TASK DESCRIPTION> Would you retype the lines from the one that holds "Les erreurs à" to the final line of the entries below, both ends included and exactly as written, but without pictures?

Stored entries:
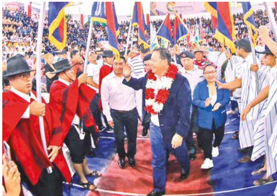
Luis Arce en el Congreso Nacional de Educación, en Tarija, ayer.

Además, criticó la práctica de la aprobación automática en primaria pese al bajo rendimiento, ya que no fomenta la autoexigencia en los estudiantes. Agregó que, pese a todos los cambios y los aportes que se puedan aplicar en la educación, nada resultará si los profesores no son exigentes con los alumnos desde el primer día de clases.
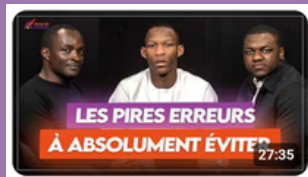
Les erreurs à éviter pour trouver un emploi en France
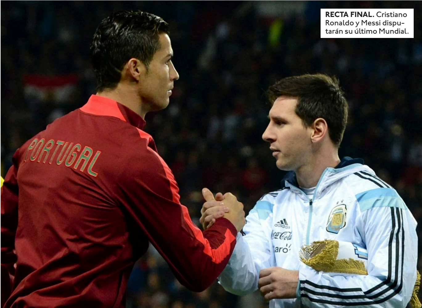
RECTA FINAL. Cristiano Ronaldo y Messi disputarán su último Mundial.

Brasil ya piensa en Marruecos "MARRUECOS HIZO UN GRAN MUNDIAL EN 2022, ES UN EQUIPO SÓLIDO, MUY BIEN ORGANIZADO", DIJO ANCELOTTI, QUE TAMBIÉN SE VERÁ CON ESCOCIA Y HAITÍ.

SOLUTION TO THE EXERCISE>
Les erreurs à éviter pour trouver un emploi en France
RECTA FINAL. Cristiano Ronaldo y Messi disputarán su último Mundial.

Brasil ya piensa en Marruecos "MARRUECOS HIZO UN GRAN MUNDIAL EN 2022, ES UN EQUIPO SÓLIDO, MUY BIEN ORGANIZADO", DIJO ANCELOTTI, QUE TAMBIÉN SE VERÁ CON ESCOCIA Y HAITÍ.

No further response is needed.